Our results suggest a southward expansion of AP as a possible source, which is
also consistent with the replacement of Y chromosome lineages observed at Lake Baikal,
from predominantly haplogroup N in the Neolithic to haplogroup Q in the BA42. Finally, the
most recent individual from Ust’Belaya, dated to ~600 years ago, falls along the Neosiberian
cline, similar to the ~760 year-old ‘Young Yana’ individual from northeastern Siberia,
demonstrating the widespread distribution of Neosiberian ancestry in the most recent epoch.

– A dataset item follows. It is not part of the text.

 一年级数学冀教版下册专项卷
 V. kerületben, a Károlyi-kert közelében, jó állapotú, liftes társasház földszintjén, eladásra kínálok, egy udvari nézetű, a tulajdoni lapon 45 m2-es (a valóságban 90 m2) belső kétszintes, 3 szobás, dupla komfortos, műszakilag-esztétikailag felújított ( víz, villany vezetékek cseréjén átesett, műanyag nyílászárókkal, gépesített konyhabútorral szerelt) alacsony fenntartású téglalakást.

We show that most populations on this cline can be modelled as predominantly East Asian,
with varying proportions of West Eurasian ANE ancestry, with the largest proportions
observed in later ancient and modern Altaian populations (Extended Data Fig. 7;
Supplementary Data Table 3). Together, these findings show that by Holocene times there
was considerable population movement and admixture throughout southern and eastern
Siberia, with groups dispersing in multiple directions yet without clear evidence of the
wholesale population replacement seen in earlier Pleistocene times.
We further investigated whether these processes of population flux were a more widespread
phenomenon across all of Northern Eurasia. The striking spatial pattern of AP and East Asian
ancestry in modern populations observed using chromosome painting (Fig. 4) strongly
suggests that AP ancestry was once widespread, likely as far west as the Urals. At the western
edge of northern Eurasia, genetic and strontium isotope data from ancient individuals at the
Levänluhta site (Supplementary Information 1) documents the presence of Saami ancestry in
Southern Finland in the Late Holocene 1.5 kya. This ancestry component is currently limited
to the northern fringes of the region, mirroring the pattern observed for AP ancestry in
northeastern Siberia. However, while the ancient Saami individuals harbour East Asian
ancestry, we find that this is better modelled by DGC rather than AP, suggesting that AP
influence was likely restricted to the eastern side of the Urals (Extended Data Fig. 7;
Supplementary Data Table 3). Comparison of ancient Finns and Saami with their present-day
counterparts reveals additional gene flow over the past 1.6 kya, with evidence for West
Eurasian admixture into modern Saami. The ancient Finn from Levänluhta shows lower
Siberian ancestry than modern Finns (Extended Data Table 2), therefore likely representing
the dual-origin (Uralic/Scandinavian) gene pool of Finns.